312 puntos mientras el dólar se revalorizaba frente a las divisas europeas.
La confusión que creó la cotización monetaria y la caída de la bolsa fue un
típico caso de pollos volviendo a casa a cobijarse de la política de guerra de
clases iniciada por la industria europea y asiática y la reducción del mercado
de consumo interior de la banca (es decir, de los niveles de vida de los
trabajadores) en beneficio de la producción de la exportación hacia los Estados
Unidos. La contradicción interna en esta guerra industrial y financiera parece
ahora clara: la consecuencia de su éxito reduciendo los ingresos del trabajo es
la asfixia del mercado interior de consumo de bienes. Ello perturba el
desarrollo de la ley de Saw, el principio según el cual la “producción crea su
propia demanda”, basado en el supuesto de que los trabajadores serán y deberán
ser pagados lo suficiente para que compren lo que producen.
Eso no ha sido así desde hace muchos años en Europa y Asia.
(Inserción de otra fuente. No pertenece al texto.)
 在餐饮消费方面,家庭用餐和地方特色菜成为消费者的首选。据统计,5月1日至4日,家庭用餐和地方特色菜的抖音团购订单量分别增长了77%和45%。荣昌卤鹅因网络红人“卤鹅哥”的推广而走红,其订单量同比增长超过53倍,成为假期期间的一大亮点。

Pero la producción
ha sido capaz de continuar sin vacilaciones gracias a un deux ex machina
internacional: el consumo en los Estados Unidos.
No significa eso que no exista una guerra de clases en los Estados Unidos.
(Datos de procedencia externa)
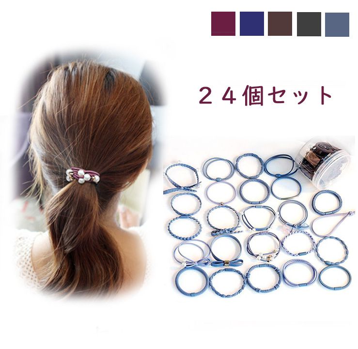 予約 レディース ヘアゴム 24種セット おしゃれ かわいい シンプル ヘアアクセサリー 髪ゴム まとめ髪 ポニーテール アレンジ ヘアセット キッズ 大人兼用 カジュアル ナチュラルカラー ヘアアレンジ 普段使い 学校 会社
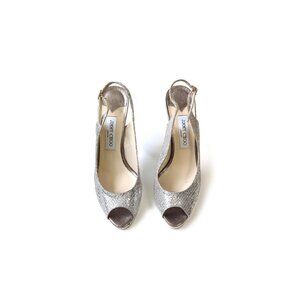 JIMMY CHOO 40 'Nova' Champagne Slingback 100mm Heels Womens Size 9

Efectivamente, los niveles de riqueza para la mayoría de los asalariados han
caído en relación a la “edad de oro” desde finales de los setenta. Pero la
economía norteamericana tenía su propio deus ex machina para aguantar el golpe:
la inflación de los precios de los activos de Alan Greenspan que inundó a los
bancos con crédito prestable a los compradores de viviendas y a los
especuladores bursátiles. El aumento del precio de las viviendas era aplaudido
como una “creación de riqueza” como si fueran un auténtico activo, como si
recompensas en forma de dividendos aparecieran en las cuentas corrientes de todo
el mundo.
Los compradores de casas era animados a usar el aumento marginal de su
patrimonio, el aumento (temporal) de los precios del mercado de sus viviendas
por encima de su deuda hipotecaria (permanente). Así, mientras el grueso del
dinero de las hipotecas era usado para subir el precio de la propiedad
inmobiliaria, alrededor de un cuarto del nuevo préstamo se usaba para el consumo
de bienes. La deuda de las tarjetas de crédito también aumentó. Frente a una
reducción de sus ingresos, los consumidores norteamericanos mantenían sus
niveles de vida a través de un endeudamiento cada vez mayor.
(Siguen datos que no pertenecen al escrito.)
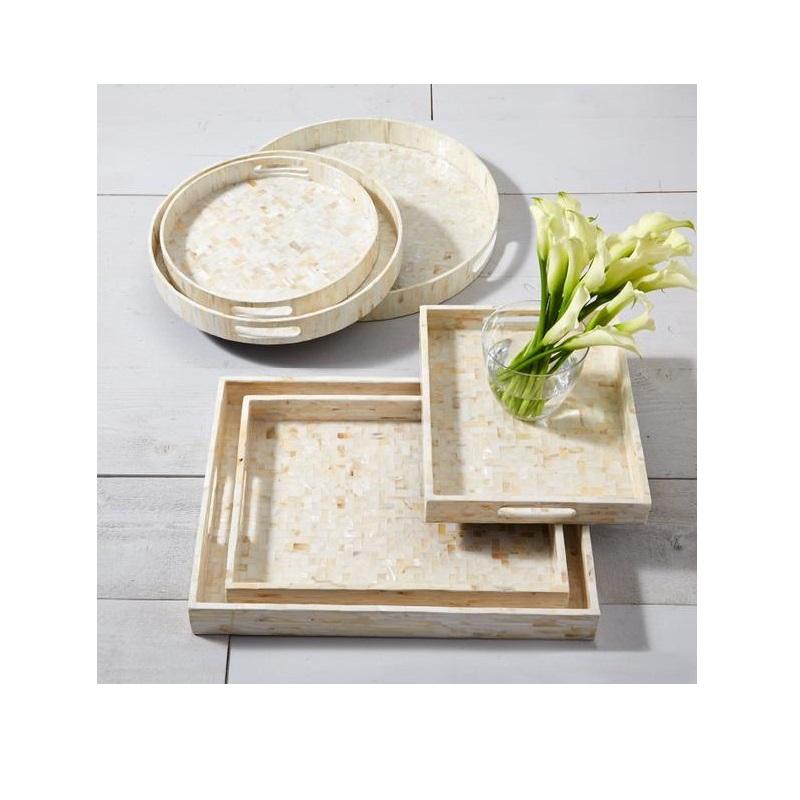 Storage Tray Mother Of Pearl Tray Square And Round Organizer Decorative for Interior Decor

Eso no podía durar mucho. Las burbujas de la deuda financiera no pueden durar
más que algunos años, incluso cuando son mantenidas por una retroalimentada
inflación de los precios de los activos a partir de los cuales los propietarios
de casas y la empresa industrial toma prestado más y más dinero a costa del
aumento de precio de su garantía. Pero una vez reventada la burbuja financiera,
el juego terminó.
El juego terminó no solo para la economía norteamericana, sino también para las
economías extranjeras que destinaron su producción industrial a servir el
mercado de los Estados Unidos en lugar de satisfacer a sus propios mercados. Un
frenazo industrial global amenaza, y seguirá haciéndolo hasta que se recompongan
los mercados interiores extranjeros, lo contrario de la tendencia seguida por la
generación de políticas neoliberales hostiles al mundo del trabajo.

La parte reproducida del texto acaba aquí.